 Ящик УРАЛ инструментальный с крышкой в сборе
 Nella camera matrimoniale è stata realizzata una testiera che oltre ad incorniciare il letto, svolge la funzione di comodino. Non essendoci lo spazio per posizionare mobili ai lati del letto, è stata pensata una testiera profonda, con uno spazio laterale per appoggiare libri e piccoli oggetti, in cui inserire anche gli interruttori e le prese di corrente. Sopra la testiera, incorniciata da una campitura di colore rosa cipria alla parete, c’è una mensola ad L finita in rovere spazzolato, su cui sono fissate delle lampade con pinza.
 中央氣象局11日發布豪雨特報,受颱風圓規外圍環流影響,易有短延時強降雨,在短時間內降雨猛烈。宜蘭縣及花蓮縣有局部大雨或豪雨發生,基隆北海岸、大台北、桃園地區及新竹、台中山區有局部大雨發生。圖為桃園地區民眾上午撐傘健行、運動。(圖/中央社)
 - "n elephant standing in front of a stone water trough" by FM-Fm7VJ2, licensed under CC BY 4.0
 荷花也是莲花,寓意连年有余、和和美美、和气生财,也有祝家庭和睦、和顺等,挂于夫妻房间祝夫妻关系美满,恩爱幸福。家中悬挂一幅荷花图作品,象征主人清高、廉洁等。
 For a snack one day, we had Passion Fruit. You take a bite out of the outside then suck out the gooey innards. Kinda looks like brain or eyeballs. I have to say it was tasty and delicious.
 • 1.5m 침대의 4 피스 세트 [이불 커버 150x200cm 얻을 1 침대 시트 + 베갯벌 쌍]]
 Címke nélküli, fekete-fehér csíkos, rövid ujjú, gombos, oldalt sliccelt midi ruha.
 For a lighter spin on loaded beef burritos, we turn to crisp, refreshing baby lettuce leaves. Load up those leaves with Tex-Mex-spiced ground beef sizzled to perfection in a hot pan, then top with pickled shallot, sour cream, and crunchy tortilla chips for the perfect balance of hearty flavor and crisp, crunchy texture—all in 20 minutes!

##############################

PROBLEM DESCRIPTION
Among the entries above, the line containing "시트 + 베갯벌 쌍]]", the line containing "Címke nélküli, fekete-fehér", and all lines between them are to be restated word for word; nothing else belongs in the reply.

EXERCISE RESPONSE
 • 1.5m 침대의 4 피스 세트 [이불 커버 150x200cm 얻을 1 침대 시트 + 베갯벌 쌍]]
 Címke nélküli, fekete-fehér csíkos, rövid ujjú, gombos, oldalt sliccelt midi ruha.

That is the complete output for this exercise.